My input is
'Apple-Pie-1024'
Desired output is
'Apple-Pie'
I can do this using python rsplit()
method as
s.rsplit('-',1)[0].strip()
which will give me the desired output
how can i get similar output with spark sql? Thanks in advance
You can achieve this by using an UDF , the python code snippet that you created
split_udf = F.udf(lambda x : x.rsplit('-',1)[0].strip(), StringType())
input_list = [
(1,"Apple-Pie-1024")
]
sparkDF = sql.createDataFrame(input_list,['num','col1'])

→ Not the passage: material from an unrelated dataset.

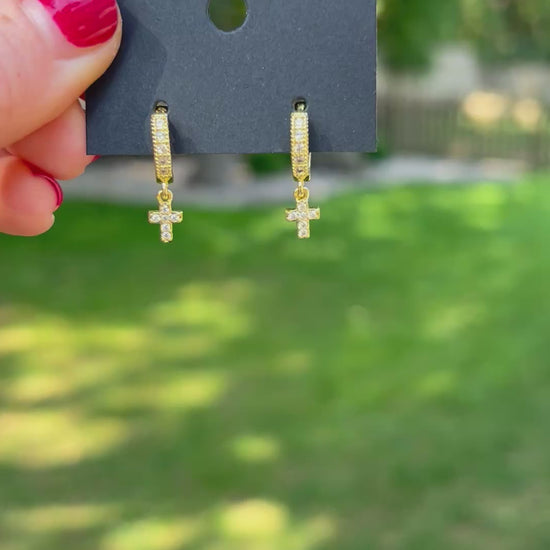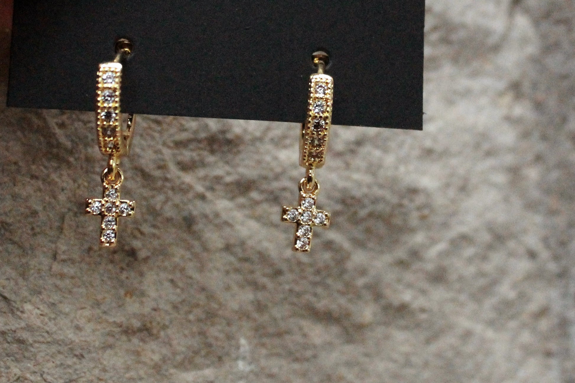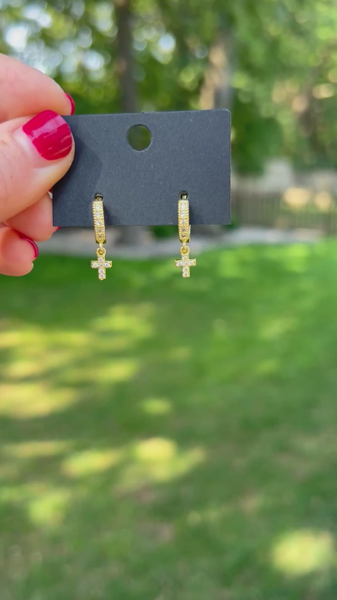 Heavenly sparkle, meet everyday wear. These huggie hoops are lined with sparkly crystals and finished with a tiny dangling crystal-studded cross. They’re dainty, elegant, and catch the light like a prayer answered.

sparkDF = sparkDF.withColumn('r_split',split_udf(F.col('col1')))
sparkDF.show()
+---+--------------+---------+
|num| col1| r_split|
+---+--------------+---------+
| 1|Apple-Pie-1024|Apple-Pie|
+---+--------------+---------+
sparkDF = sparkDF.withColumn('r_split'
,F.concat(F.split(F.col('col1'),'-').getItem(0)
,F.lit('-')
,F.split(F.col('col1'),'-').getItem(1)
)
)
sparkDF.show()
+---+--------------+---------+
|num| col1| r_split|
+---+--------------+---------+
| 1|Apple-Pie-1024|Apple-Pie|
+---+--------------+---------+
Built-in SQL functions are preferred (also here) because your data does not get passed back and forth between the JVM process and the Python process, which is what happens when you use a UDF.
This solution is intended to provide you a way to tackle data inconsistency and the way to approach it within the Spark Env.
You can update the split_udf
to tackle edge cases as below -
#### REGEX to extract only characters from the string
split_udf = F.udf(lambda x : "-".join(re.findall("[a-zA-Z]+", x)), StringType())
input_list = [
(1,"Apple-Pie-1024")
,(2,"ApplePie-12345")
]
sparkDF = sql.createDataFrame(input_list,['num','col1'])
sparkDF = sparkDF.withColumn('r_split',split_udf(F.col('col1')))
sparkDF.show()
+---+--------------+---------+
|num| col1| r_split|
+---+--------------+---------+
| 1|Apple-Pie-1024|Apple-Pie|
| 2|ApplePie-12345| ApplePie|
+---+--------------+---------+